#156 Rocky Mtn. Shelter to Toms Run Shelter - Day 81: ATMM1081.9 - ATMM1101.1
I receive an offer of trail magic that most hikers only dream about.....my trail angels deliver on the other end of Pennsylvania.
4-8-2023
My new friend John is snoring away inside his shelter when I leave camp. I tear a page from my small notebook and write, “Damn good meeting you,” and leave it under a small rock inside his shelter near his boots.
Hiking on this cloudy and cool day through the barren trees along the trail’s crunching leaves remind me of weekend backpack trips I used to take with friends, back when we were all learning new skills from one another. Those Saturdays were almost always cool and sunny while the Sundays were almost always cool and cloudy.
Today has that Sunday feel to it, though it’s not. My mind keeps drifting back to some of those cloudy Sundays, back to the newness of backpacking and the excitement of making new friends.
Though I hike solo these days I’m not alone, I carry within me the spirit of many great adventurers and the knowledge gained from them and with them.
Quarry Gap Shelters, like Tumbling Run Shelter, are well maintained and full of unique character - A Pickett fence, a swing, benches, gnomes, flower baskets, a sun dial, and so much more.
Like at Tumbling Run Shelter yesterday, if it weren’t so early in the day I’d love to stay here tonight.
The trail was lonely again this morning but is becoming crowded as the day progresses. Today is Friday, Good Friday actually, and weekend hikers are coming out to play. And I meet many of them head on.

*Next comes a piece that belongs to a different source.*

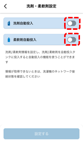 洗剤・柔軟剤設定画面の 洗剤自動投入・柔軟剤自動投入の右側のボタンをタッチしてください。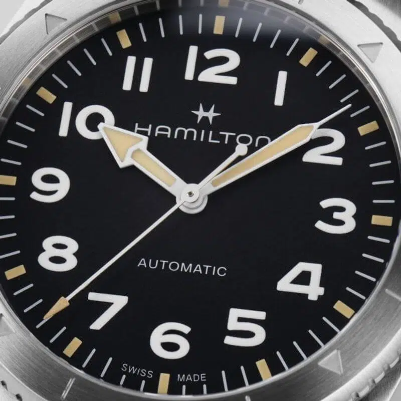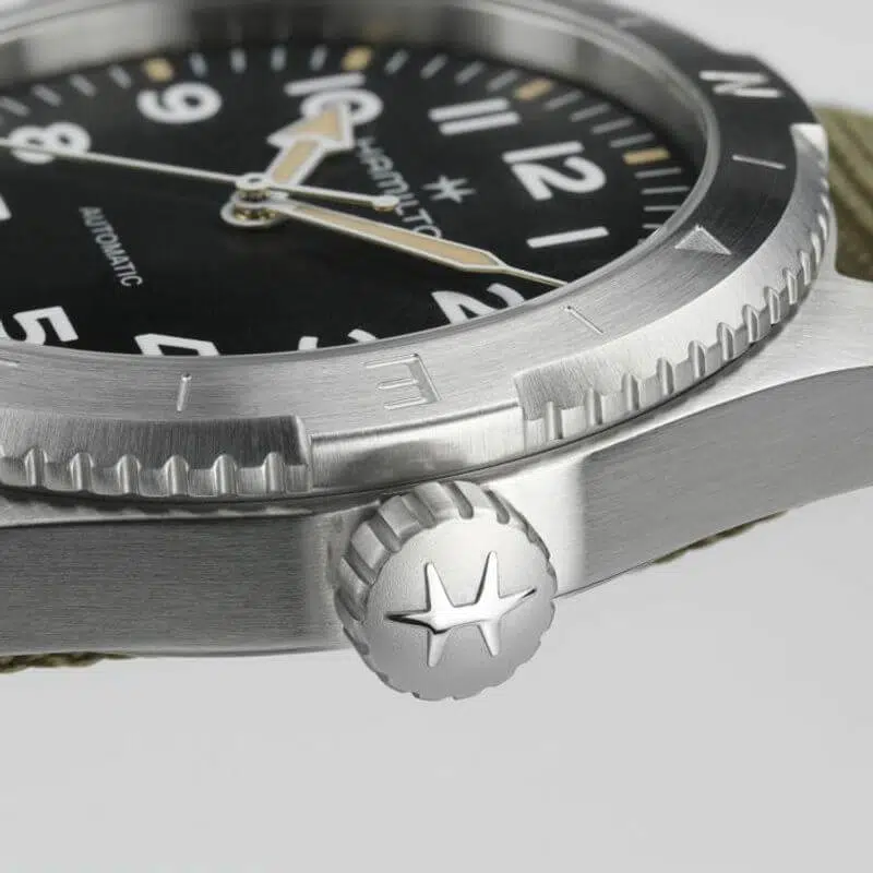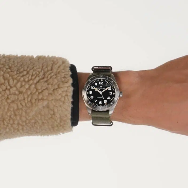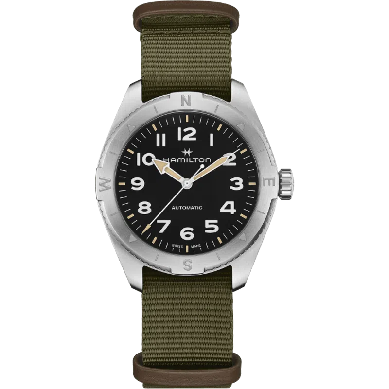 Prepararsi per le avventure all’aria aperta non è mai stato così facile grazie al Khaki Field Expedition e al suo nuovo cinturino NATO. Un orologio ideale per tutte le attività outdoor con un design a bussola, che ti permetterà, durante le escursioni, di orientarti con l’aiuto del sole. Racchiuso in una cassa in acciaio da 41 mm corredata da un cinturino NATO in tessuto verde, il segnatempo è dotato di corona a vite e di un quadrante nero con finitura sabbiata, che lo rendono estremamente resistente.

Stater, a thru-hiker who received his name because he jumps around on the trail instead of hiking through one state after another, sits and talks with me for a while.

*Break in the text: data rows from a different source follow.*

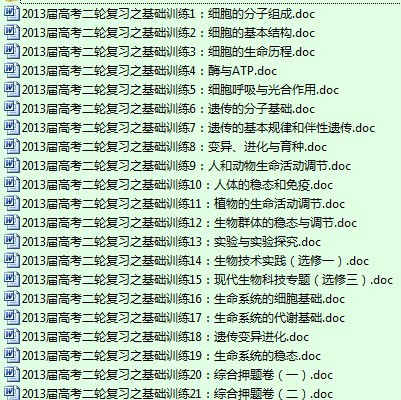 【打包】2013届高考生物二轮复习之基础训练(21份)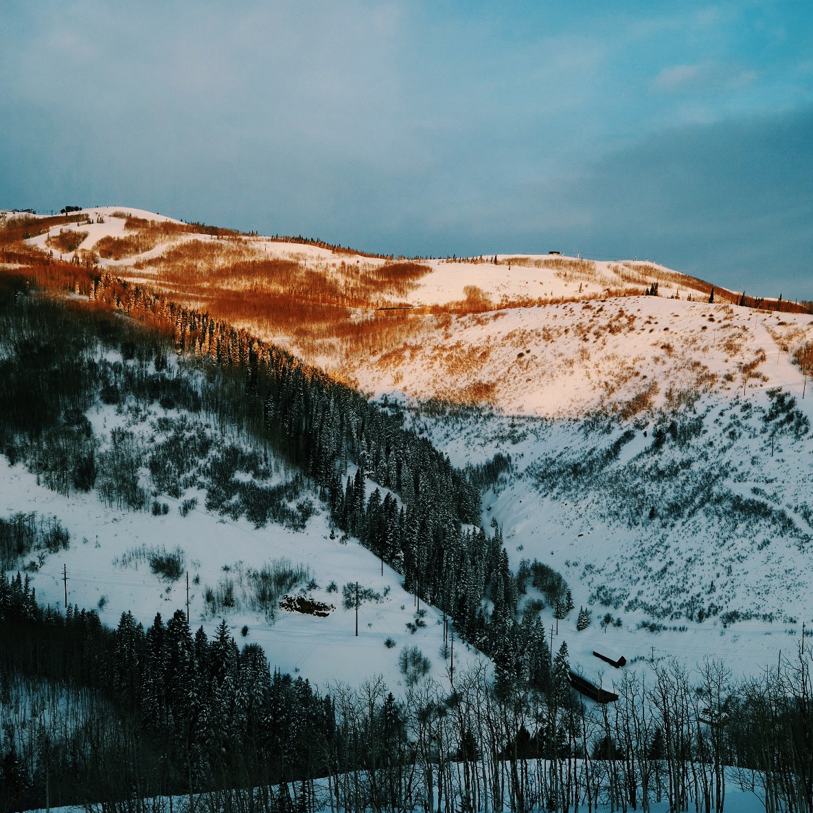 Early morning sun touches the tops of the snow peaks. We’re out on the slopes today and I will *try* to ski.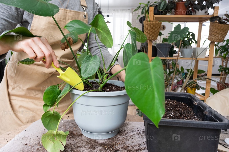 Пересадка домашнего растения Philodendron Monstera deliciosa в новый горшок в интерьере дома.Уход за растением в горшке, руки крупным планом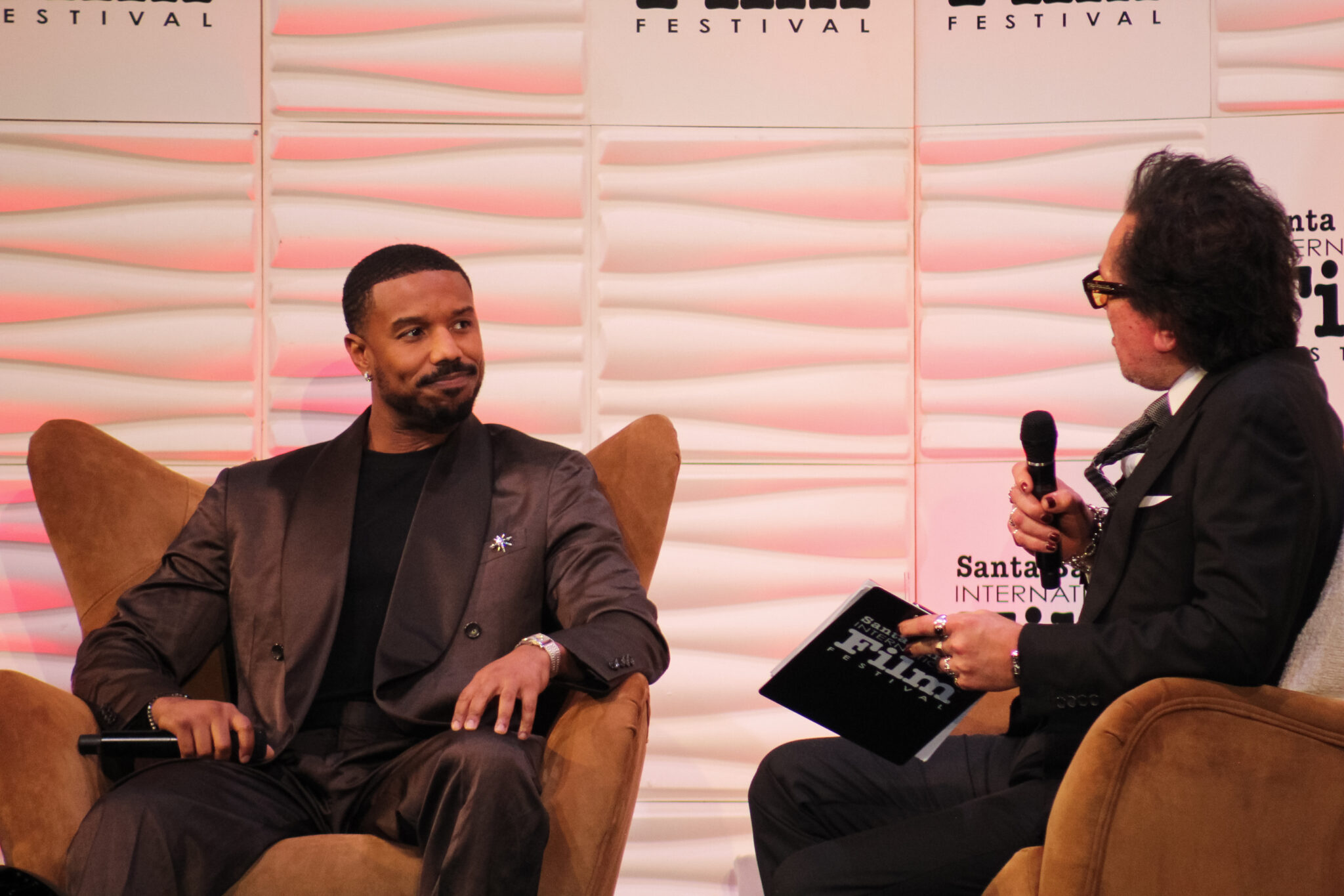 Jordan talking to SBIFF Executive Director Roger Durling. (Alexa Lopez / Daily Nexus)

I talk with a local Indian man with a large dog on a leash near PATC Milesburn Cabin, just off trail. He gives information about the area that neither helps nor harms me, as I’m traveling by foot, not truck.

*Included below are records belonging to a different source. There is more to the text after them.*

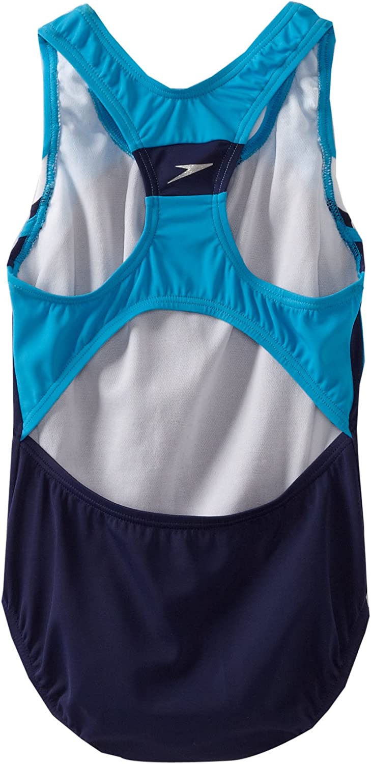 Speedo Boy's Size Charts Speedo Girl's Size Charts Swim laps around the competition in the Infinity Splice One-Piece Swimsuit. Xtra Life Lycra® Fiber: • Lightweight stretch fabric offers a wider range of motion in and out of the water.• Engineered to last over 200 hours in the pool.• Resists sagging, suntan lotion, oils, and chlorine. UV50+ Block the Burn protection from the sun's harmful UVA and UVB rays. Scoop neckline. Racerback design with cutout detail. No-Wedgie Worries offers silicone gripper at back legs for stay-put comfort. Moderate-rear coverage. 82% polyester, 18% spandex;Lining: 100% polyester. Hand wash, line dry. Imported. Measurements: One Piece Length: 19 in Product measurements were taken using size 8 Big Kids. Please note that measurements may vary by size. If you're not fully satisfied with your purchase, you are welcome to return any unworn and unwashed items with tags intact and original packaging included.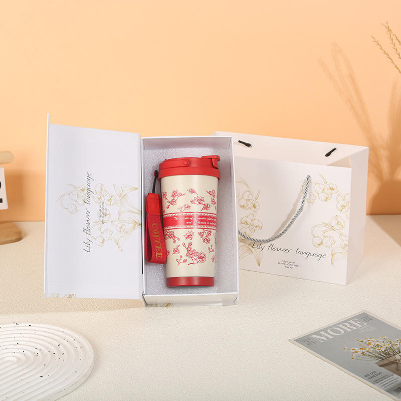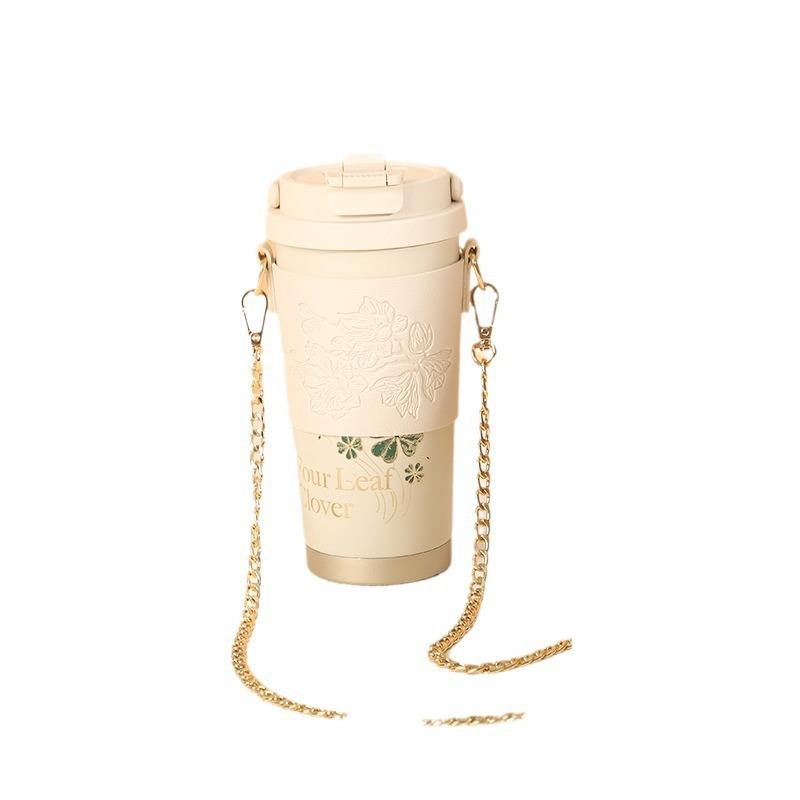 Flowers Bloom Insulated Coffee Mug With Chain Strap For Travel And Sports Use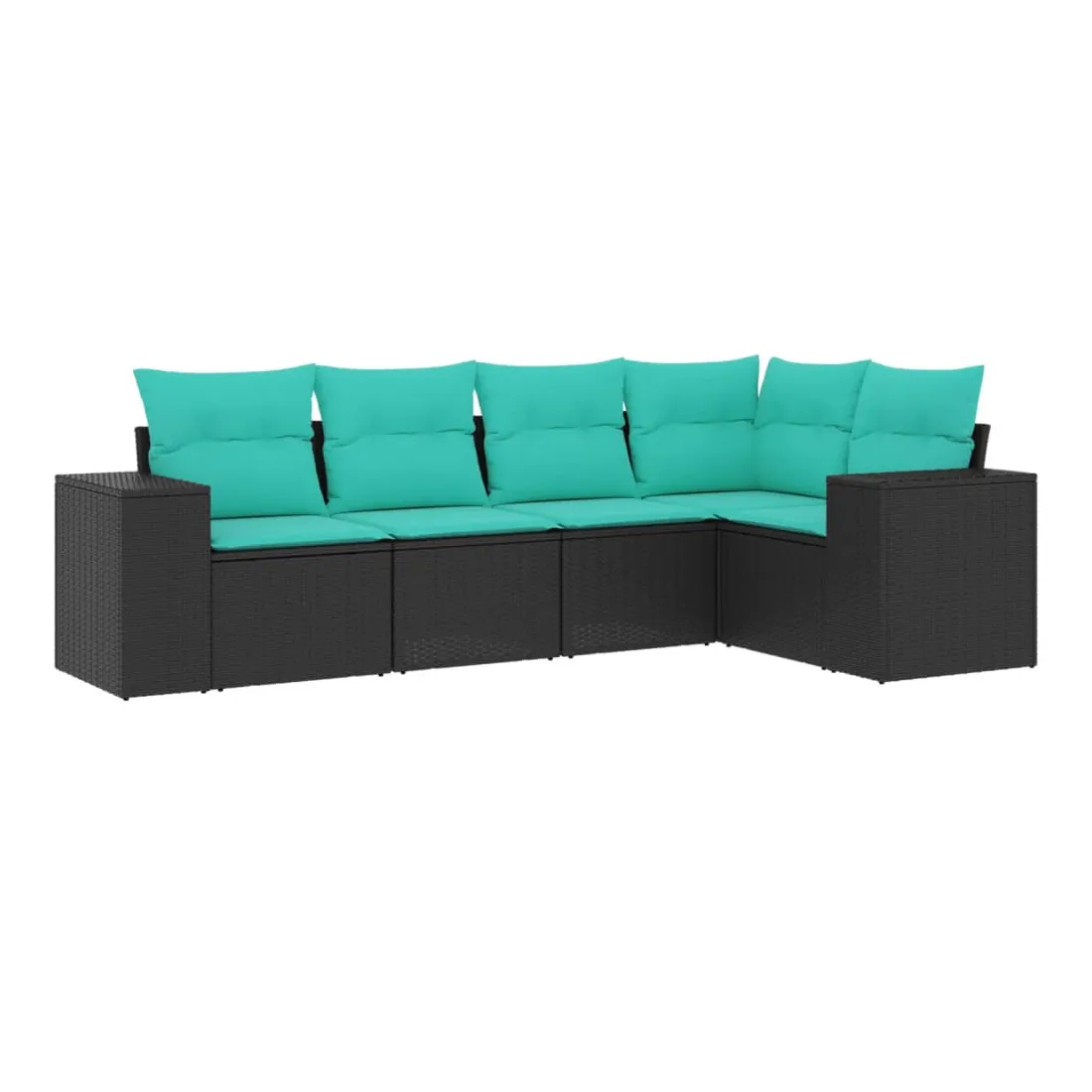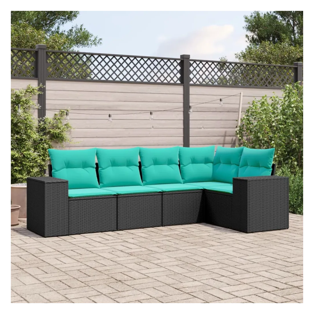 Salon de jardin 5 pcs avec coussins noir résine tressée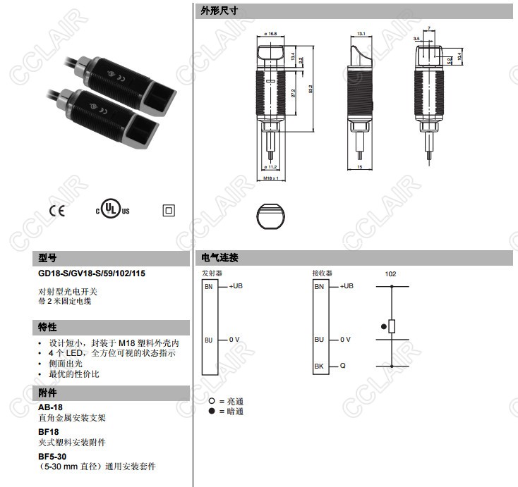 GD18-S/GV18-S/59/102/115,對(duì)射型傳感器

Just after passing an elderly couple heading north to stay in the next shelter, I slam head-on with the church group of four men and a dozen or so teenage boys. I step to the side to let them pass. I’m glad that rowdy bunch is hiking in the opposite direction.
Stopping for a break at Birch Run Shelter, I meet Allen and his wife Georgetta. Allen thru-hiked the trail in the eighties. Georgetta likes much shorter treks, so they occasionally head to the trail for long weekend trips. For example, this is Easter Weekend.
When Allen finds out I’m hiking with only one pair of socks, he offers an unused pair of his, I accept.
“I owe you a cup of coffee,” I say as he hands me two grey socks.
“Thanks, but I don’t drink coffee”,
“Hot chocolate then, with lots of marshmallows”.
He learns my wife is a Presbyterian minister, then learns part of the story of why I’m out here hiking solo. Having similar backgrounds on both fronts he offers to me the kind of trail magic all hikers dream of, but few will ever receive.